Enhanced Transdermal Drug Delivery Through Development Of Pillar-Based Dissolving Microneedle
Oral and parenteral injections are among the widely used drug delivery routes. While oral drug delivery is remarkably more patient-friendly compared with injection, it is associated with a number of side effects including vomiting, headache, abdominal pain, diarrhea and nausea. Furthermore, the bioavailability of a large number of drugs is reduced due to first-pass elimination of body. On the other hand, hypodermic injection is advantageous compared with oral delivery as it delivers drugs directly into the blood stream, reducing side effects due to accurate dosage delivery. However, hypodermic injection is also associated with various drawbacks including requirement of expertise to administer an injection, and the potential of infections caused by needle stick waste. Therefore, to solve above mentioned limitations, dissolving microneedles (DMNs) were developed.
DMNs are polymeric micro-sized needles capable of loading drugs within their body and releasing them upon application for systemic or local delivery. This is an interesting transdermal drug delivery platform, as it has proven to be capable of delivering a wide range of drugs including unstable drugs and even vaccines. As DMNs are much smaller than traditional hypodermic needles, they are considered minimally invasive and are less likely to cause pain upon application making them a patient-friendly approach to therapeutic administration. On the other hand, DMNs are mainly places onto patches, which often reduces the delivery efficacy of encapsulated materials because of skin elasticity. In addition, the chemicals in the patch may cause skin irritation. Moreover, it is difficult to adhere patches to flexible body joint areas and to hairy skin. Especially, patients must wait for long time for the DMNs to completely dissolve before the patch can be removed.

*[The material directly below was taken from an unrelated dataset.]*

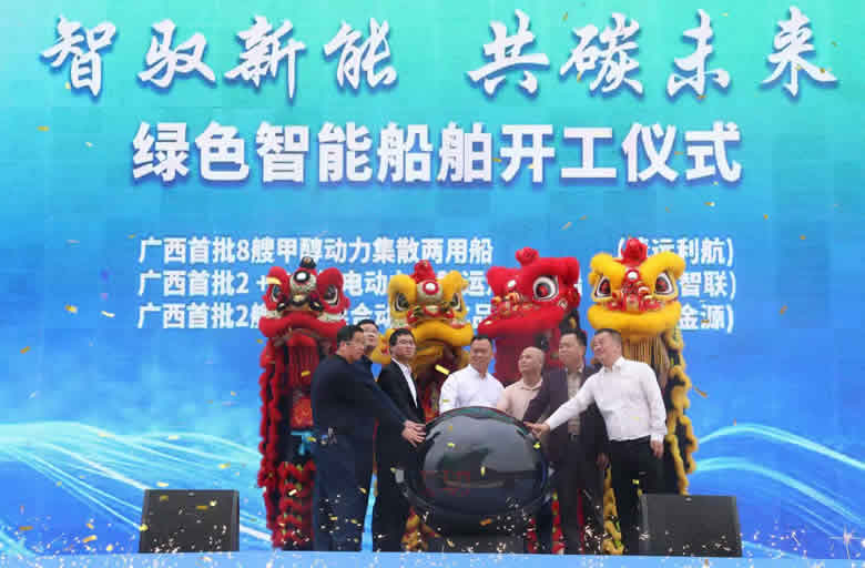 仪式现场还举行了醒狮表演及政府主管部门、企业、合作代表致辞。此次签约的19艘船舶中,8艘甲醇动力集散船、9艘纯电动力平陆运河散货船、2艘LNG混合动力油化品船,均为广西首批同类新能源船舶,标志着桂平船舶制造迈入绿色智能新阶段。

Lately, diverse researches have been developed to overcome the limitations of transdermal drug delivery with DMNs. Troy microneedle, combination with metal and polymer DMN has been developed to conduct complete insertion of DMNs into the skin. Two-layered DMNs and arrowhead DMNs have been fabricated to deliver drug which is composed of polymer layer and drug encapsulated needles with greater efficiency. Although these developments could improve the general delivery efficacy of DMNs, the fundamental problems which can cause skin damage or pain associated with incomplete insertion of DMN patch systems have not been fully addressed yet. Also, a patchless Microlancer has been introduced, which is an innovative applicator capable of inserting drug encapsulated DMNs without patch. This study has found a solution to fully insert DMNs.
n this study, to solve limitations associated with DMN transdermal drug delivery, we have developed patch-less micro pillars, capable of inserting DMNs into skin within less than a minute in a minimally invasive manner. We have optimized pillars with a height of 300 μm with a base diameter of 500 μm, resulting in a safe application reducing skin pain without penetration of micro pillars into the skin. Through a series of in vitro and in vivo experiments, we show that pillar-based DMN (P-DMN)s are capable of delivering encapsulated materials with a significantly higher efficiency than traditional DMN patches at a remarkably faster rate.
Unlike traditional DMN patches, P-DMNs can be effectively applied to hairy parts of body and movable joints. P-DMNs are simple and economical to fabricate and mass-produce, thus suggesting a high potential to replace traditional DMN patches in future.